After having conversations with undocumented persons in our own community, we realize how wrong that attitude is. Families are suffering in the Fredericksburg region because of federal policies on mass deportation.
Those fears were greatly amplified on Thursday as social media pages lit up with the police activity, and posters writing in English and Spanish were warning people to steer clear of the activity for fear that they could be taken and deported.
Benitez’s experience explains why people have reason to fear. Elizabeth Jones, a family friend, told the Advance that “[Benitez] was put on a plane—she said the plane was unsanitary and pretty terrifying, so much so that the pilot, as soon as they landed in Texas, he ran off the plane. … Mirna told her daughter and best friend that her things were covered in urine. She’s since been transferred to Louisiana, which is also not great. The facilities are unsanitary and she got an infection.”
For the near future, we are stuck with a president determined to continue stoking fear, spreading prevarications and canards about immigrants, and treating hardworking people like Benitez as less than human.
Benitez’s stories and others in her situation should force all of us to sit back and take stock of the kind of community we want to live in.
The ugliest repercussions of Trump’s obsession with hatred for the other is landing with full force in our region, but we don’t have to succumb to the inhumanity that drives it. For now, we can show more compassion for those who live in fear of having family members snatched from them — or finding themselves on an unsanitary plane to Texas.

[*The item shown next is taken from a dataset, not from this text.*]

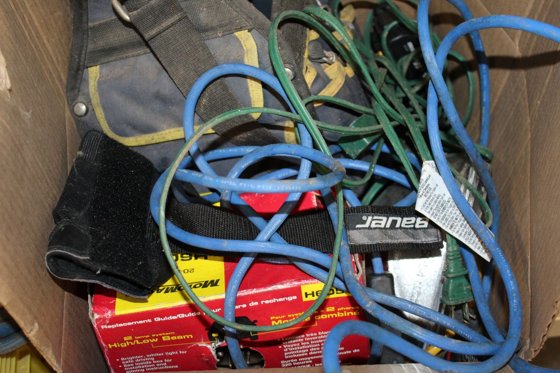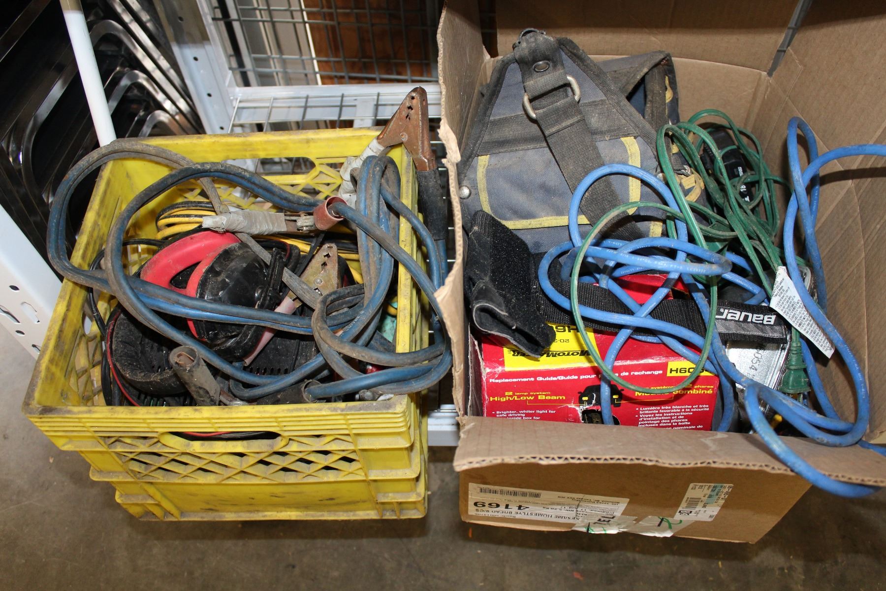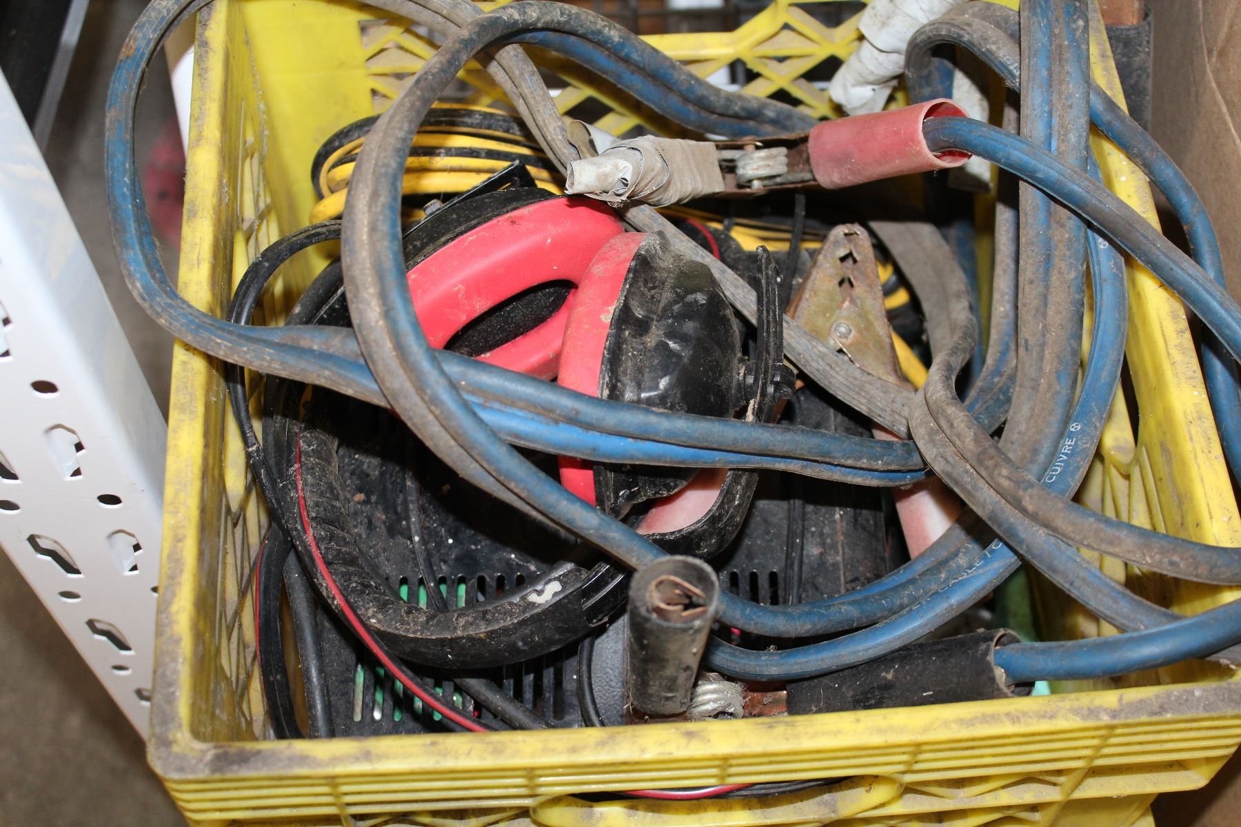 BOX AND CRATE OF TOOLS AND JUMPER CABLES

We can support organizations that are standing and fighting for immigrants’ rights and helping those who are working toward citizenship to realize that goal.
Most important, we can vote at every level for politicians who reject the debasement of people simply because of where they came from.
The American immigration system has been broken for at least 40 years. That’s not the fault of the immigrants, and it certainly isn’t right to punish them for our collective failure.
It’s past time to demand that politicians fix the system they have allowed to break and find a way to treat those who are here without proper documentation with respect and humanity.
On Wednesday night, Trump declared:
you have a president who fights for the law-abiding, hardworking people of our country. The ones who make this nation run, who make this nation work.
Those law-abiding, hardworking people, the ones who make this nation work include the immigrants who have come here to find a better future for their families.
Trump has forgotten that.
Patriots and defenders of the best that America represents have not, and must not.